Fiquei pensando no que Negrissa queria me lembrar. Começamos a conversar, ela me contou da sua vida resumidamente, como já tivesse feito isso muitas vezes, para várias pessoas diferentes. Falou pouco, mas disse muito. Pelas minhas contas, tinha 76 anos. Tinha saído de Marília com 16 rumo a Dourados e lá ainda estava, sessenta anos depois. O marido morreu, ela tinha casado com outros homens, tentado algumas vezes, mas agora estava só. 
Tinha nove filhos, mas pariu catorze. Umas das coisas que emocionou-me quando disse foi: 

Eu nunca trabalhei pra ninguém. Nunca fui doméstica, nunca trabalhei na casa de ninguém.
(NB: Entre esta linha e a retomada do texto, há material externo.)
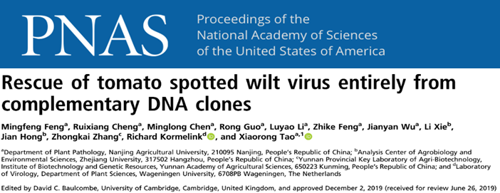 2019年12月26日,国际综合性学术期刊美国科学院院报《Proceedings of the National Academy of Sciences of the United States of America》(五年影响因子10.600)在线发表了我校植物病毒学实验室一项最新研究成果,研究论文题为《Rescue of tomato spotted wilt virus entirely from complementary DNAclones》,该研究成功拯救出番茄斑萎病毒,首次建立植物多分体负链RNA病毒的反向遗传学体系。

Sempre trabalhei pra mim, na roça ou costurando. Ensinei isso pras minhas filhas, mas algumas delas, pra ter algum dinheiro, foram empregadas. Mas eu não queria isso, eu nunca gostei de trabalhar na casa de ninguém. 
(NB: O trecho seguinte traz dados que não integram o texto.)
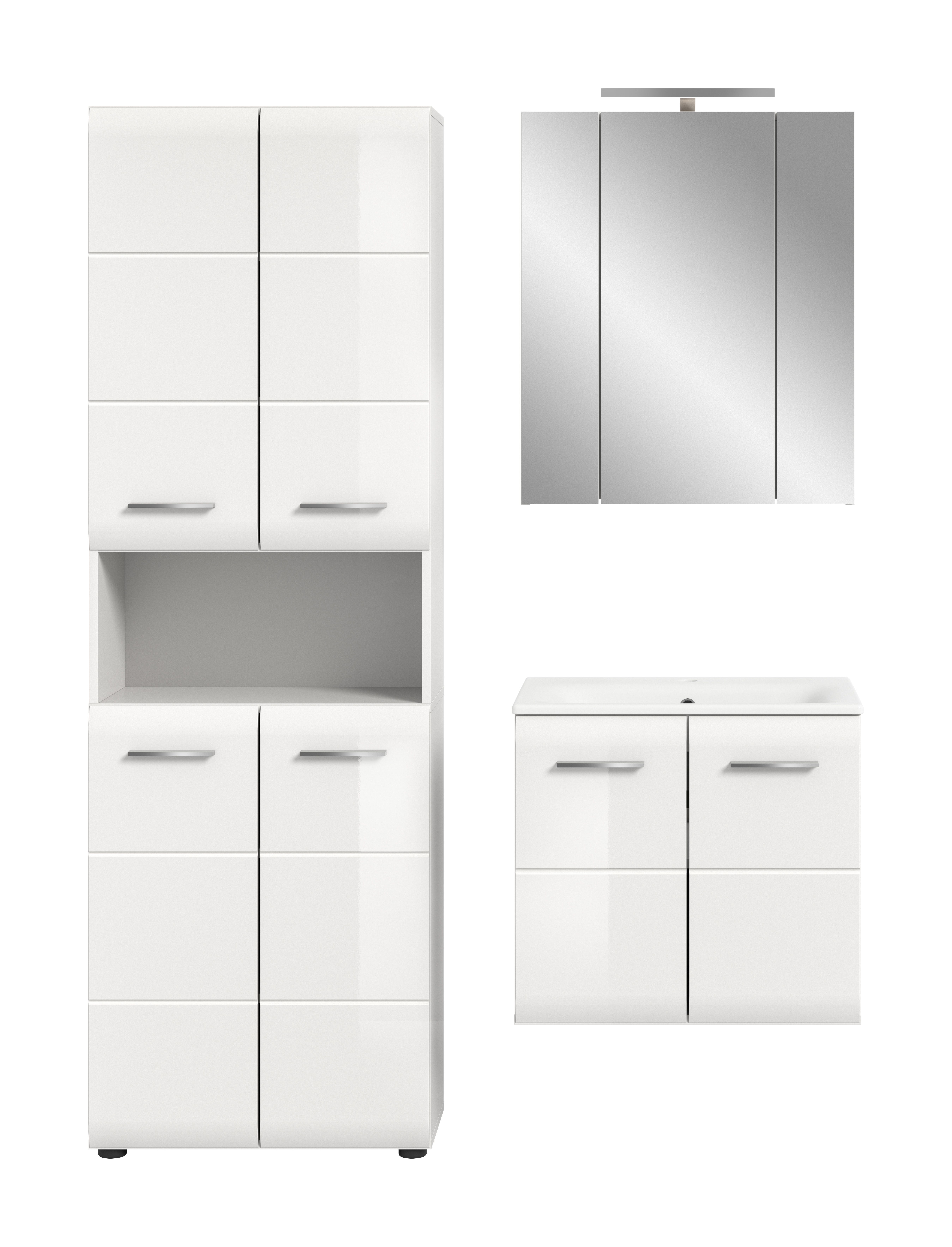 - 5-teilige Badkombination beteht aus 1x Hochschrank breit, 1x Waschtisch inkl. Waschbecken, 1x Spiegelschrank inkl. Beleuchtung

Negrissa quebrou um ciclo vicioso e doentio imposto às mulheres negras desde que aqui chegamos à época da escravização. Disse não a um dos poucos trabalhos vistos como possíveis de serem feitos por nós, com todos os problemas que essas decisão pode ter trazido para ela (eu imagino as dificuldades, eu não condeno quem diz sim. Estou apenas contando uma outra versão da história). Negrissa quebrou o ciclo, mas comprovando como essa ação é ousada e difícil de manter, a geração posterior à dela não conseguiu permanecer firme. 
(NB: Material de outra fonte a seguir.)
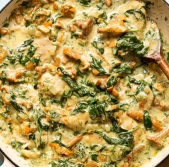Piščanec z lisičkami in špinačo v smetanovi omaki

Ela e eu cochilamos. Fiquei pensando no que ela disse e não consegui entabular mais conversas. Ela contou mais algumas coisas, como uma cirurgia no olho que havia acabado de fazer, sobre seus vinte netos/as e dois bisnetos. Quando a viagem acabou, despedi-me dela com um beijo no rosto e um abraço forte. Agora, quando lembro desse momento, sinto que poderia chorar se ao invés de escrevendo, estivesse contando em voz alta para alguém. 

Depois disso, ouvi minha amiga contando que seu pai fizera o mesmo movimento com relação ao trabalho doméstico: decidiu não trabalhar para os "brancos", como ele falava, tendo uma roça e vivendo do plantio e da colheita desta durante toda a vida. Minha amiga disse que quando pequena, não entendia porque seu pai demonstrava tanto desprezo pelo grupo social que subjugou o povo negro, sempre vociferando palavras de ódio contra eles. Hoje, ela entende melhor. Com essa decisão,  não acumularam nada, não tiveram patrimônio para deixar às crias, mas também não se renderam. Minha amiga, desta família de seis filhos, é a única que possui mestrado em Letras. O pai dela, antes de falecer, tinha certeza que ela estava estudando para ser médica, visto que o estudo nunca acabava. 

Fiquei pensando então, que este modelo de "revolta" é uma das muitas estratégias elaboradas por negras e negros pós-abolição, visto que ainda hoje temos mulheres e homens negros que se negam a fazer este tipo de serviço. Merece estudo, merece registro.